The thing about marriage that I guess I kinda forgot about is that you now have to make really huge life choices and the final decision is going to be a compromise with someone else. They are not just your choice. Where you want to live, if you are buying a home, if you will have children, even your career are major decisions that you must work through with another person. At this point in life and age, I'm pretty comfortable making my own decisions. The new challenge is making a decision with a man I love very, very much but who doesn't always want the same things I want. It's so much easier to ignore these big questions. I tear up as we talk through our future. I worry that I will decrease his happiness in life by protecting my own. That can't be right. That can't be love. The conversation ends with many questions still hanging. In the way that love seems to always redeem itself, simply, tonight, we cook, laugh and love. I"m reminded why I want to get married. I love this man so much. Being with him has made me stronger or happier than I thought possible. When I decided I wanted to get married it wasn't a fairy tale decision about how our love is perfect and now everything will be easy. The decision was based on the fact that I want to challenge myself to grow in this relationship and this love my entire life. I believe in our relationship and want to challenge myself to make the decisions and compromises to have it last my entire life because I believe we can build an incredible life together. A life that will be richer and fuller than what I could build alone. I am aware of the divorce rate and sexless marriages. Yes, I know we could fail. Everyone can stop reminding me and rest assured that I am fully aware of the challenge I am taking on. Still, I would rather have tried and given myself the chance at what I believe will be one of my greatest successes: building a family with a man I love.

Day 6:

One of the women who inspires my business model is Gabrielle Bernstein. She is a spiritual coach and speaker. Gabrielle is also sober. She tells her story often and says she was told, "Get clean and you will have everything you've wanted." The woman is a powerhouse. Today, her work as greatly influenced my life for the better and because of that I sometimes hear whispered in my mind, "Get clean and you will have everything you've wanted."

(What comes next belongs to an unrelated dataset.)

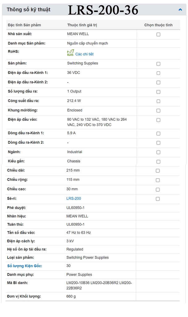 Bộ nguồn LED MeanWell LRS-150-36 36V-150W hiệu quả, đáng tin cậy cho chiếu sáng LED. Thiết kế nhỏ gọn, hiệu suất cao (82%), bảo vệ toàn diện (ngắn mạch, quá áp, quá tải, quá nhiệt). Điện áp vào: 85~264VAC, 120~370VDC; Điện áp ra: 36V; Dòng điện ra: 4.3A; Công suất: 150W. Kích thước: 97x159x30mm. Ứng dụng: chiếu sáng dân dụng, thương mại, công nghiệp.
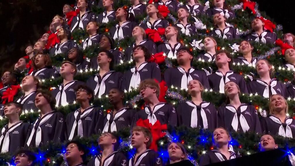 Michigan'daki Mona Shores Şarkı Söyleyen Noel Ağacı 6 metre yüksekliğinde, 25.000 LED ışığa, 1.580 doğrusal fit yeşilliğe sahip ve üzerinde 180 koro üyesinin durduğu 15 kat yüksekliğinde. 40 yaşındaki ağaçta 220 şarkıcı barındırılabiliyor.

Gabrielle Bernstein and this message are a big motivator for me to experiment with giving up my vices. Gabby was addicted to cocaine and really needed to get clean. None of my vices are that serious. In fact, many of my friends think of me as someone who uses vices very moderately. Still, I hear get clean. I have to try.

My days are getting more and more productive. Writing, reading, bike riding, loving, and working on Becoming a Badass is all I've done this week and I feel great. To live without the guilt and wake up knowing I feel the way I feel as a product of good choices is amazing. Today, I've moved past the fear of the future that was causing my tears yesterday. Today, I just want to work. Blam! Goodness comes to me. I get a twitter message from an editor at Jackson Hole News and Guide asking to do a profile interview on me for next weeks paper. I can't help but think that I'm getting everything I've wanted. So happy. So purely, joyously, sparklingly happy.